Alternative assessment for graduate students only: one 4000 word philosophy paper due on Friday 6th December (100%).

I am happy to look at drafts of papers, as long as I have it one week before the paper is due. This is to give me time to read your draft carefully and write comments on it, and you time to redraft in response to those comments before you turn the final version of your paper in. Drafts submitted later than this will not be looked at.

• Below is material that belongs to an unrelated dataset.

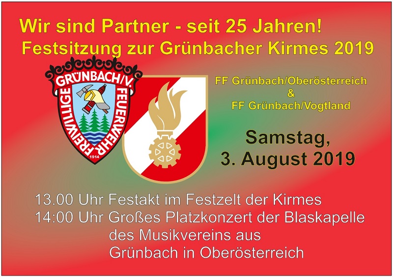 Am Sonntag, dem 4. August 2019 haben sich die zwei Reisebusse aus Oberösterreich wieder gen Heimat in Fahrt gesetzt. Zwei Tage bevölkerten rund 100 Freunde aus der österreichischen Partnergemeinde Grünbach bei Freistadt unsere Gemeinde. Sie sorgten bei der Kirmesveranstaltung mit Sicherheit für einen entscheidenden Höhepunkt und nicht zuletzt gab es für den Veranstalter ein Umsatzplus!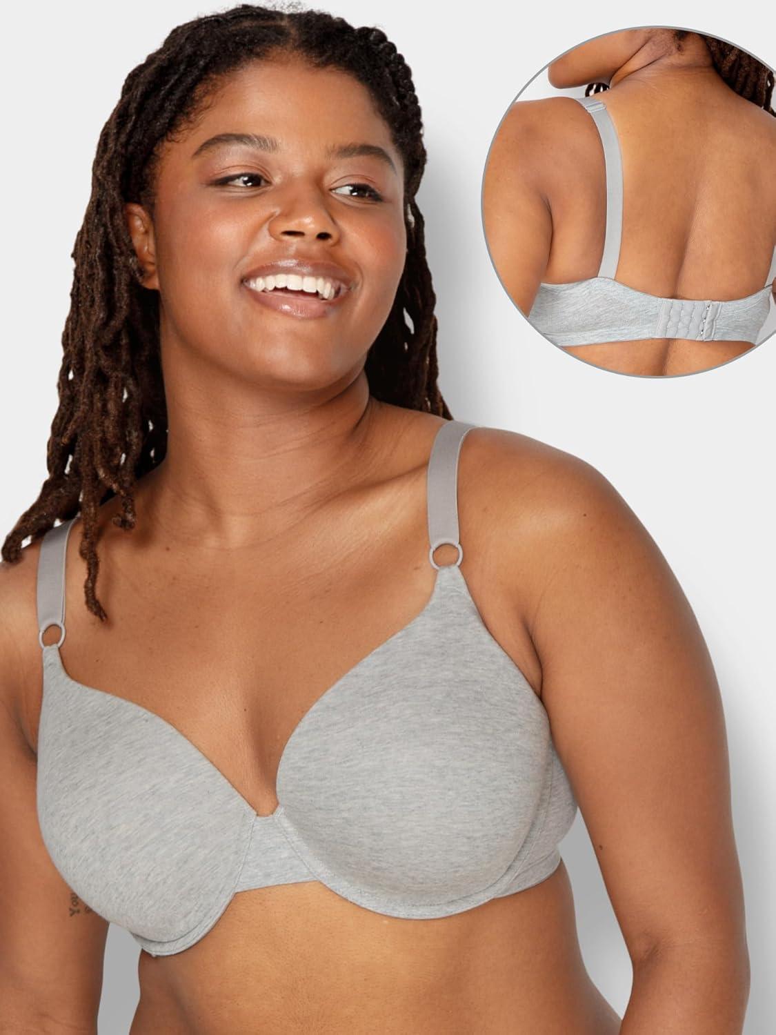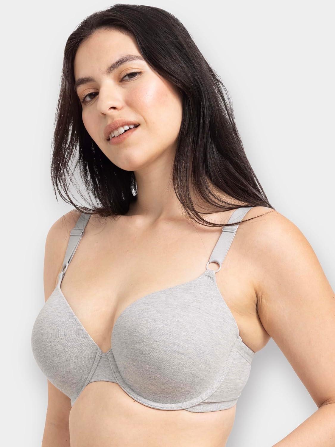 Fruit of the Loom Womens Smooth Cotton T-Shirt Bra – Ultra-Soft, Flexible, and Invisible Under Tees(Black Hue/Grey Heather)

All papers should be turned in to the “turn in” filing cabinet in the philosophy department office on the 2nd floor of Wilson Hall by 3.30pm on the day they are due. (The office closes at 4pm, and the people who work there like to be on their way home at 4.05pm, not unlocking doors for students with a late paper.) Please use a single paper clip to hold the pages together. Pages should be numbered, with your name on the final page. Do not put your student number or social security number on your paper. Any well-known, consistent citation method is acceptable. Your paper should finish with a bibliography, listing the texts you read while pursuing research on the paper, including any texts cited.


Any cases of suspected plagiarism, or other problems with academic integrity, will be reported to the Dean in his role as head of the academic integrity committee.

Pass/Fail Option

Students taking the course pass/fail will need an overall grade of C- for a pass.